Retail Data Pipeline with aws S3 bucket, Databricks, GCP BigQuery and Looker

Dashboard 📊 Request Feature

📝 Table of Contents

  1. Project Overview
  2. Key Insights
  3. Project Architecture
  4. Credits
  5. Contact

🔬 Project Overview

This an end-to-end data engineering project, where I created an ELT data pipeline to extract, analyze, and visualize insights from the data of an online retail company based in the UK.

💾 Dataset

This is a transnational data set that contains all the transactions occurring between 01/12/2010 and 09/12/2011 for a UK-based and registered non-store online retail. The company mainly sells unique all-occasion gifts. Many customers of the company are wholesalers.

The dataset includes the following columns:

Column Description
InvoiceNo Invoice number. Nominal, a 6-digit integral number uniquely assigned to each transaction. If this code starts with the letter 'c', it indicates a cancellation.
StockCode Product (item) code. Nominal, a 5-digit integral number uniquely assigned to each distinct product.
Description Product (item) name. Nominal.
Quantity The quantities of each product (item) per transaction. Numeric.
InvoiceDate Invoice Date and time. Numeric, the day and time when each transaction was generated.
UnitPrice Unit price. Numeric, Product price per unit in sterling.
CustomerID Customer number. Nominal, a 5-digit integral number uniquely assigned to each customer.
Country Country name. Nominal, the name of the country where each customer resides.

🎯 Project Goals

  • CSV ingestion from S3 into Databricks
  • Clean and transform data with Spark into parquet tables
  • Data Modeling: Implement a star schema for analytical queries
  • Load processed tables into BigQuery
  • Provide interactive dashboards in Looker Studio

🕵️ Key Insights

  • 💸 Total Revenue by Country

    • The UK 🇬🇧 is the country that generated the most of the company's revenue with over 1.8M followed by France with 182.4k.
  • 📈 Revenue by months

    • The month with the most revenue is July with more than 220K.
    • The month with the lowest revenue is December with 100K.

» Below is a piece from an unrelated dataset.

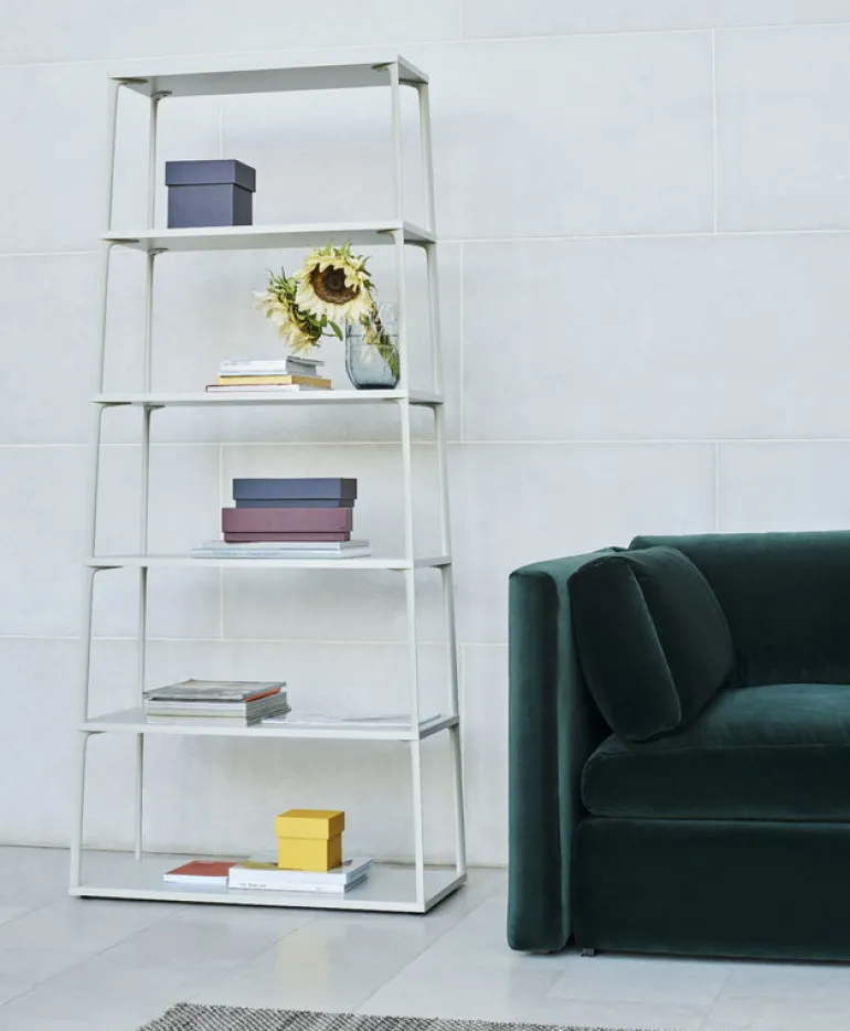 Eiffel-hyllan, som har formgivits av Line Depping och Jakob Jørgensen för Hay, ingår i en multifunktionell möbelkollektion som är baserad på en enkel lagerprincip. I Eiffels hyllor och bord har benmoduler i aluminium sammanförts med pulverlackerade MDF:er, som har kapats i olika geometriska former. De lätta, karakteristiska möblerna i Eiffel-kollektionen för med sig en touch dansk funktionalism och minimalism till skilda privata och offentliga sammanhang, och de olika delarna i kollektionen går perfekt ihop med varandra.

We can observe significant revenue increases in January (New Year), July (Wimbledon Finals), and November (Bonfire Night).

📝 Project Architecture

Architecture

⚙️ Data Modeling

image

Here are some screenshots of the work I've done.

🛠️ Technologies Used

Amazon S3 Databricks BigQuery Looker Studio

📋 Credits

📨 Contact Me

LinkedInWebsite • Gmail: chahiri.abderrahmane.eng@gmail.com

About

⚙️ Data pipeline using Amazon S3, Google BigQuery, Databricks, and Looker Studio.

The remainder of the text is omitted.